Dave: This was all a joke to see if he could get you to do it.
David: Right. Charlie, yeah. Charlie’s good joke. I don’t know. I think you’re crazy.
Dave: I have been called that before and I might sustained one or two biohacking injuries. I appreciate you both sharing the story and rendering your opinion there. I figured I was unlikely to do a lot of harm and I’m always curious. I think if it’s not going to really, really cause permanent negative effects in my work, someone’s got to be the guinea pig it might as well be me.
David: Right.
Dave: Let’s talk about sharing the human genome because now that we’ve got this data and the data is relatively affordable. I just had my entire genome sequenced at HLI. I didn’t have the results yet but the full thing which is pretty cool that a mere mortal can get it done. It’s still reasonably expensive.

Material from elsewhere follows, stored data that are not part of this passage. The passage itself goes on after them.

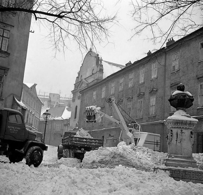 Na archívnej snímke z 8. februára 1963 stroje v uliciach Bratislavy odpratávali sneh. Pracovníci Technických služieb mesta Bratislava mali vtedy v uliciach mesta 10 strojov na odpratávanie snehu a 55 nákladných áut.
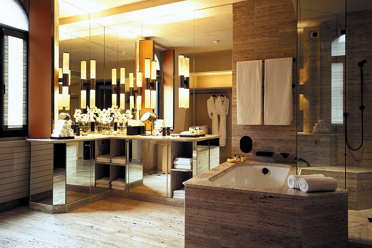 L’interior design dell’ hotel interpreta magnificamente il luogo, è la sua quintessenza e si esprime attraverso pavimentazioni in travertino, una maestosa cupola in vetro, e una haute couture totale per arredi e accessori all’insegna dell’unicità. Qui il lusso non è mai ostento ma, così come la città che lo circonda, è raffinato, con uno charme e un’eleganza unici.
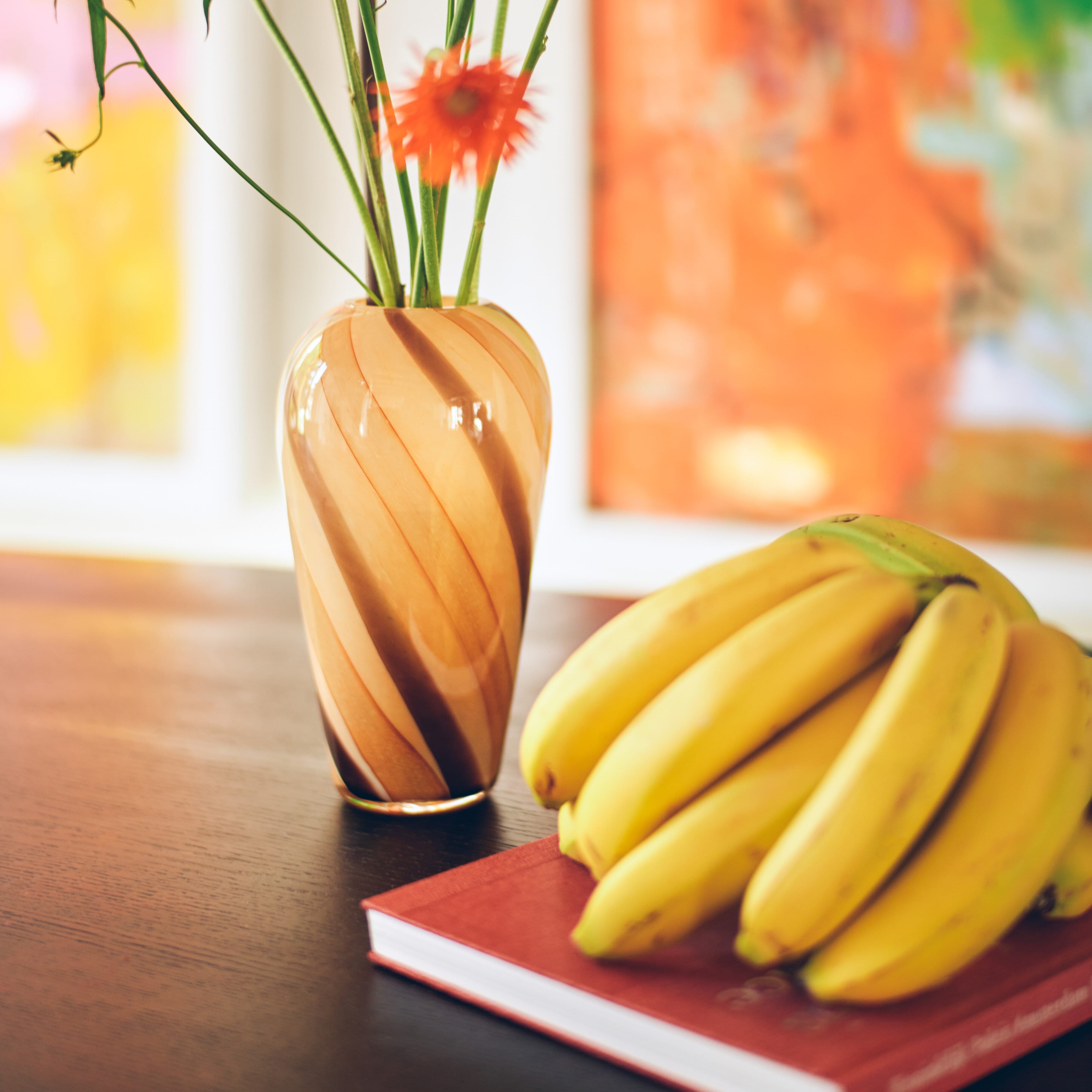Der vintage møter det moderne. Denne glassvasen har et delikat, virvlet mønster og presenterer myke toner som minner om den ultimate sødmen til dulce de leche. En flott tilbehør, eller som vi liker å kalle det, en fryd for øyet.

David: Price is still coming down.
Dave: It is.
David: My genome sequencing.
Dave: How much is the current price?
David: The cheapest price is a couple of thousand bucks if you just get the machine to do it and without the interpretation and so forth. That’s getting to be within range of larger and larger number of people and then of course if you just want to snip it. You want to look at the tiny fraction say one out of a thousand different positions that are the most informative positions in your genome, you can just go to 23andMe and 95 bucks I think you can get a glimpse I would say, a snapshot of some of the important parts of your genome. Whether you want the whole thing done or just a little bit, it beats the price, it can range from a hundred to several thousand dollars but these are not undoable numbers.

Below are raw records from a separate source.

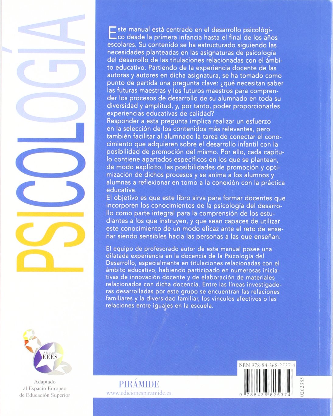 Este manual está centrado en el desarrollo psicológico desde la primera infancia hasta el final de los años escolares. Su contenido se ha estructurado siguiendo las necesidades planteadas en las asignaturas de psicología del desarrollo de las titulaciones relacionadas con el ámbito educativo. Partiendo de la experiencia docente de las autoras y autores en dicha asignatura, se ha tomado como punto de partida una pregunta clave: ¿qué necesitan saber las futuras maestras y los futuros maestros para comprender los procesos de desarrollo de su alumnado en toda su diversidad y amplitud, y, por tanto, poder proporcionarles experiencias educativas de calidad? Responder a esta pregunta implica realizar un esfuerzo en la selección de los contenidos más relevantes, pero también facilitar al alumnado la tarea de conectar el conocimiento que adquieren sobre el desarrollo infantil con la posibilidad de promoción del mismo. Por ello, cada capítulo contiene apartados específicos en los que se plantean, de modo explícito, las posibilidades de promoción y optimización de dichos procesos y se anima a los alumnos y alumnas a reflexionar en torno a la conexión con la práctica educativa. El objetivo es que este libro sirva para formar docentes que incorporen los conocimientos de la psicología del desarrollo como parte integral para la comprensión de los estudiantes a los que instruyen, y que sean capaces de utilizar este conocimiento de un modo eficaz ante el reto de enseñar siendo sensibles hacia las personas a las que enseñan.
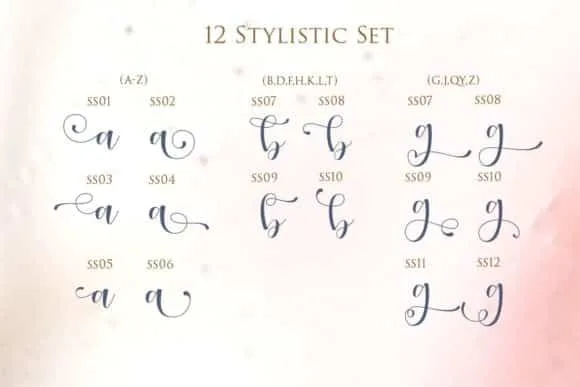 Kagure is a highly detailed, refined script font that emanates sophistication and elegance. Its stylish alternates and ligatures make this font the perfect match for any project. This font is PUA encoded which means you can access all of the glyphs and swashes with ease!
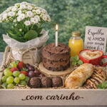 manteiga - 1 pcs brigadeiros - 1 pcs suco natural - 1 pcs café - 1 pcs mini bolo - 1 pcs flor especial - 1 pcs * frutas frescas selecionadas - 1 pcs pães e doces artesanais - 1 pcs plaquinha decorativa com mensagem - 1 pcs xícara com formato de coração - 1 pcs geleia e doce de leite - 1 pcs
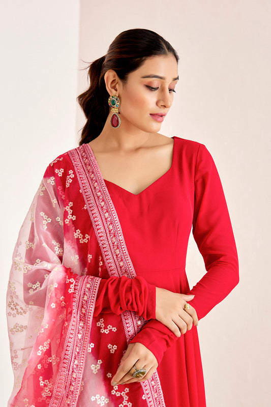 RED ANARKALI WITH OMBRE DUPATTA
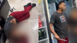No momento da ocorrência, uma policial penal, que estava no estabelecimento, interveio ao presenciar a cena. A agente deu voz de prisão ao homem, que desobedeceu e passou a ameaçá-la com a faca. Diante da situação, a policial efetuou um disparo, atingindo o suspeito de raspão.

Dave: What are the big barriers of sharing this data? We have a world let’s say where now thousands of people have their full genome sequenced then soon hundreds of thousands or millions of people. What are the barriers to doing this and what are you doing at Global Alliance for Genomics and Health to solve this?
David: When we did the first genome as part of the public human genome sequencing project we were very proud to be a public effort that was going to share all of our data. Really the day July 7th that we posted that, July 7th 2000 was the best day of my life, I mean it’s the day I’m most proud of. We shared that first glimpse of our genetic heritage free and unrestricted as open source, open data on the web. That was part of the whole structure of the public effort that it was scientist all over the world just trying to help humanity making this information fully open and available so that we could most rapidly advance our medical research and our basic biology.

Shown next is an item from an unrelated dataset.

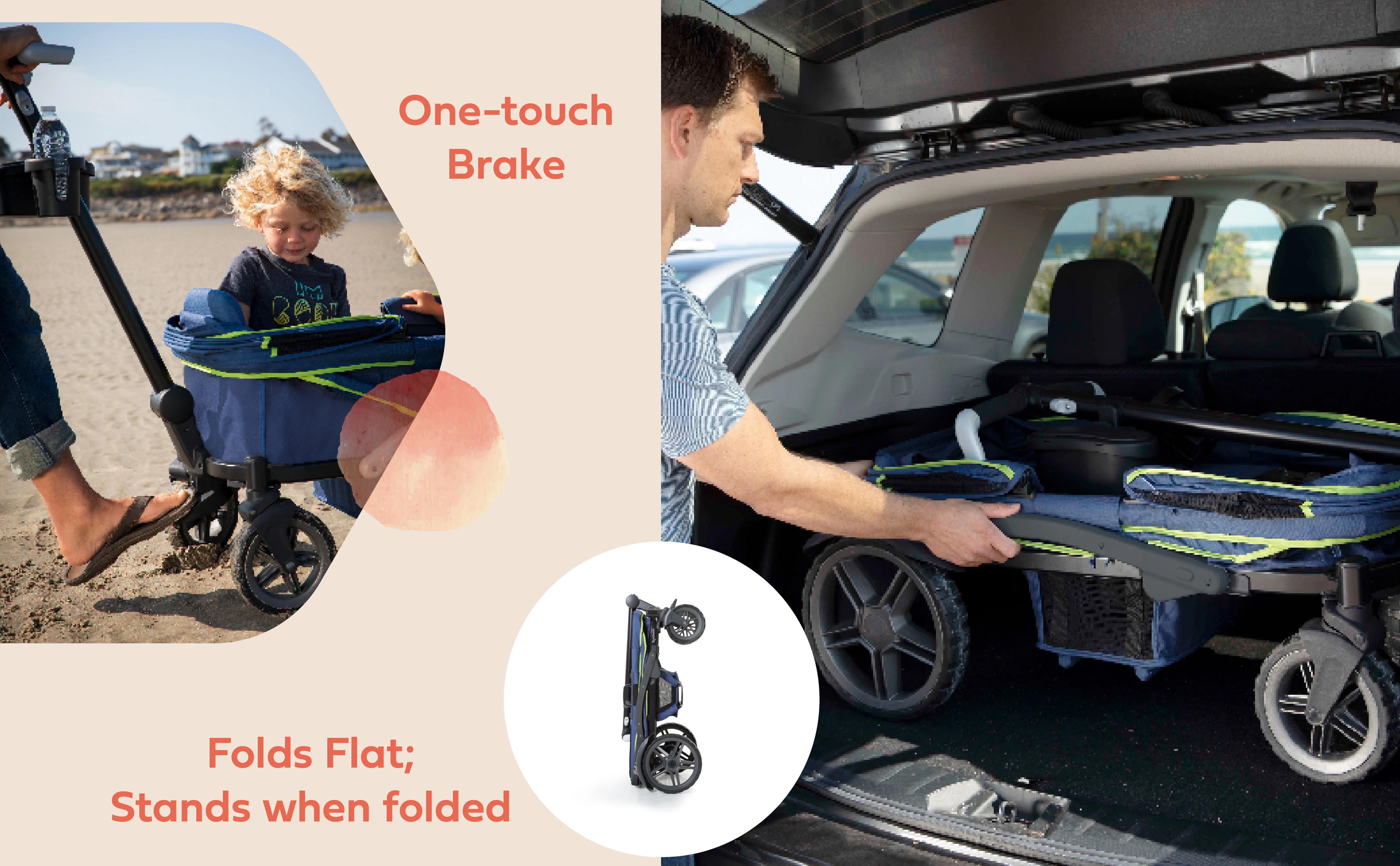 This stroller wagon is a stylish and functional option for getting around with your little ones. It's equipped with rugged wheels and a sturdy frame for tackling all types of terrain, and comes with two XL canopies, a parent cup holder, and lounge pad. The Anthem2 also folds flat and can be used with an infant car seat when you purchase our universal adapter (sold separately).
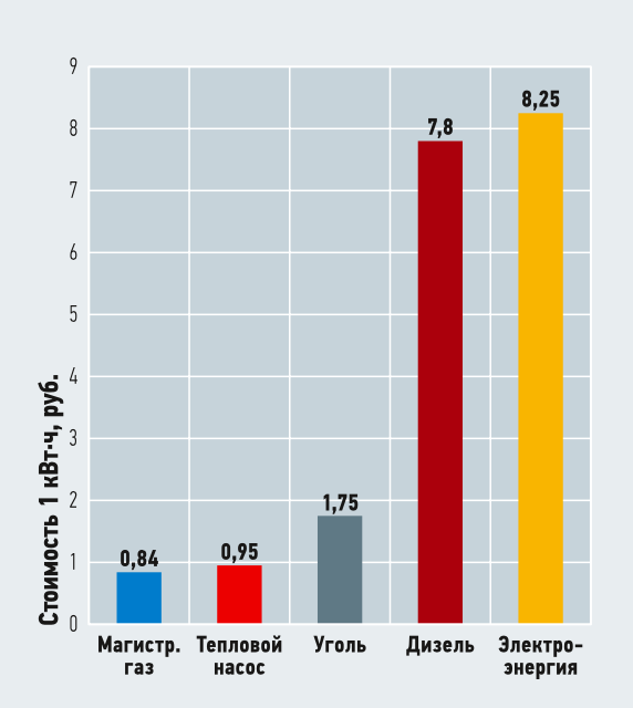 Тепловые насосы относятся к числу наиболее экономичных устройств в климатической технике по эксплуатационным затратам. Сравнение стоимости 1 кВт·ч полезного тепла при различных вариантах теплоснабжения показывает, что по уровню расходов теплонасосные установки, как правило, уступают только магистральному газу (рис. 2).

Let’s face it the understanding of who we are. Evolution is the process that created our genome over billions of years from our distant, distant ancestors and the results of that are really the product of untold numbers of stumbles and triumphs by our ancestors through the eons. This is a fundamental script for humanity that has been sculpted by so much pain and triumph that you have to make it in our opinion public and something that we can now cherish and understand. What happens as we got now into medical sequencing, clinical sequencing is that the tendency is just the opposite, the tendency is to lock data up immediately and not to share. Part of that is just HIPA and the whole tradition of medical privacy.
Dave: HIPA, for people listening define HIPA?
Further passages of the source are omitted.